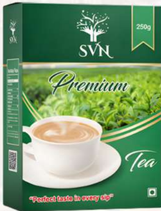
SVN Premium Tea 250g

SVN प्रीमियम चाय बेहतरीन गुणवत्ता, गाढ़े रंग और शानदार स्वाद का उत्तम संगम है। चुनी हुई उमदा चाय पत्तियों से तैयार यह चाय हर कप में ताज़गी और सुकून भर देती है। इसकी ख़ूब मन को तरोताज़ा कर दिन की शुरुआत को ख़ास बनाती है। दूध वाली चाय हो या कड़क मसाला चाय, हर अंदाज़ में इसका स्वाद लाजवाब लगता है। स्वच्छ और सुरक्षित पैकेजिंग में उपलब्ध यह चाय लंबे समय तक अपनी ताज़गी बनाए रखती है। SVN प्रीमियम चाय हर घूंट में 'पर्फ़ेक्ट टेस्ट' का भरोसा देती है।
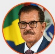
Ministro Humberto Martins Presidente do STJ
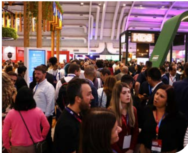
Mais de 1.600 pessoas lotaram a área de exposições: sucesso More than 1,600 people filled the exhibition grounds: a success
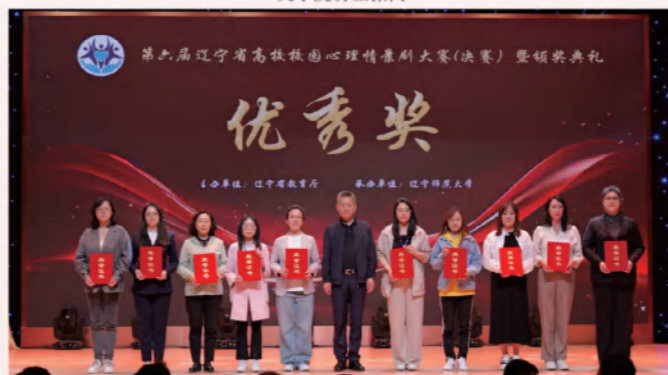
学生省级比赛获奖
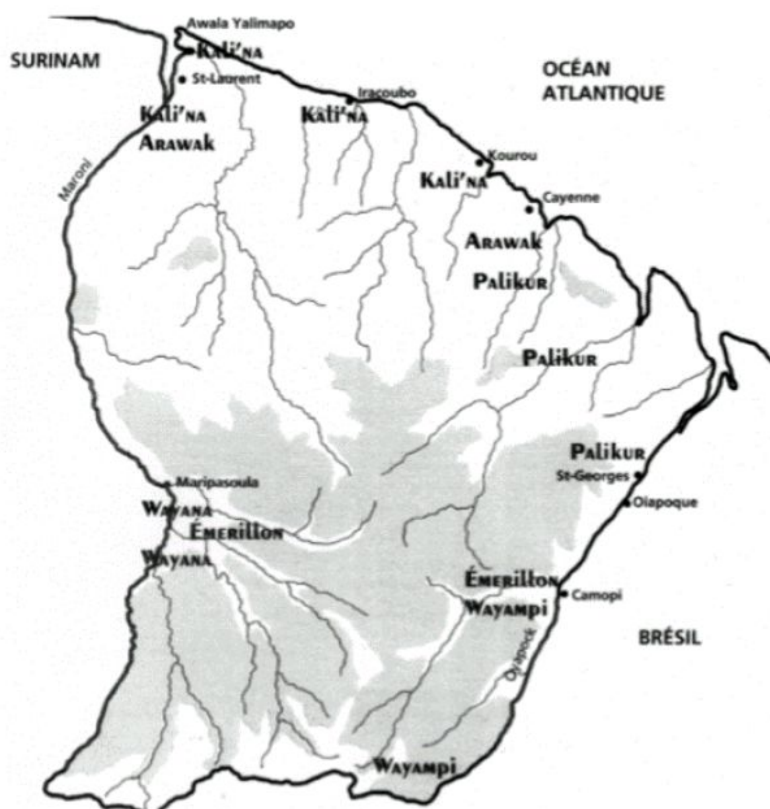
Figure 5: Répartition des ethnies Amérindiennes en Guyane Française

La Guyane Française est le seul territoire européen permettant l'étude épidémiologique d'une population amérindienne. On compte environ 9000 Amérindiens en Guyane regroupés dans 6 différentes ethnies: Kali'na, Arawak, Palikur, Teko ou émerillons, Wayāpi , et Wayana (Fig.3).
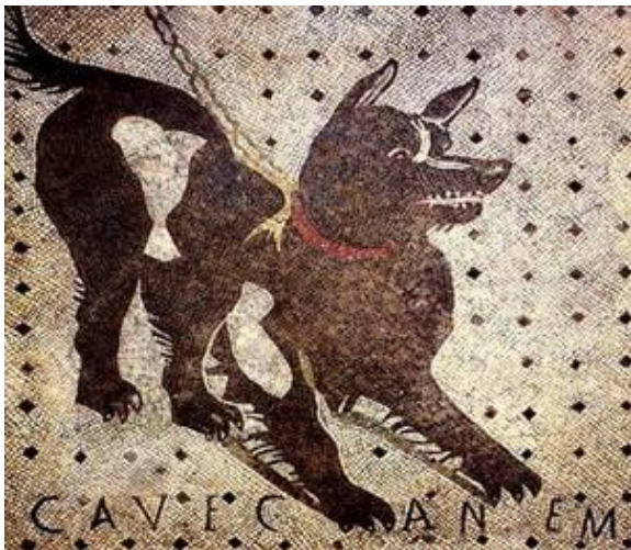
« Cave canem », mosaïque provenant de la maison du poète tragique à Pompéi

En plus, mes collègues se sont bien moqués de moi. Mais moi, une fois revenu de ma frayeur, je n'ai cessé de détailler tout le mur

▸ Work task:
An exact copy of the lines from the line containing "Mais de 1.600" through the final line of the listing, without pictures, is the expected result.

▸ Answer area:
Mais de 1.600 pessoas lotaram a área de exposições: sucesso More than 1,600 people filled the exhibition grounds: a success
学生省级比赛获奖
Figure 5: Répartition des ethnies Amérindiennes en Guyane Française

La Guyane Française est le seul territoire européen permettant l'étude épidémiologique d'une population amérindienne. On compte environ 9000 Amérindiens en Guyane regroupés dans 6 différentes ethnies: Kali'na, Arawak, Palikur, Teko ou émerillons, Wayāpi , et Wayana (Fig.3).
« Cave canem », mosaïque provenant de la maison du poète tragique à Pompéi

En plus, mes collègues se sont bien moqués de moi. Mais moi, une fois revenu de ma frayeur, je n'ai cessé de détailler tout le mur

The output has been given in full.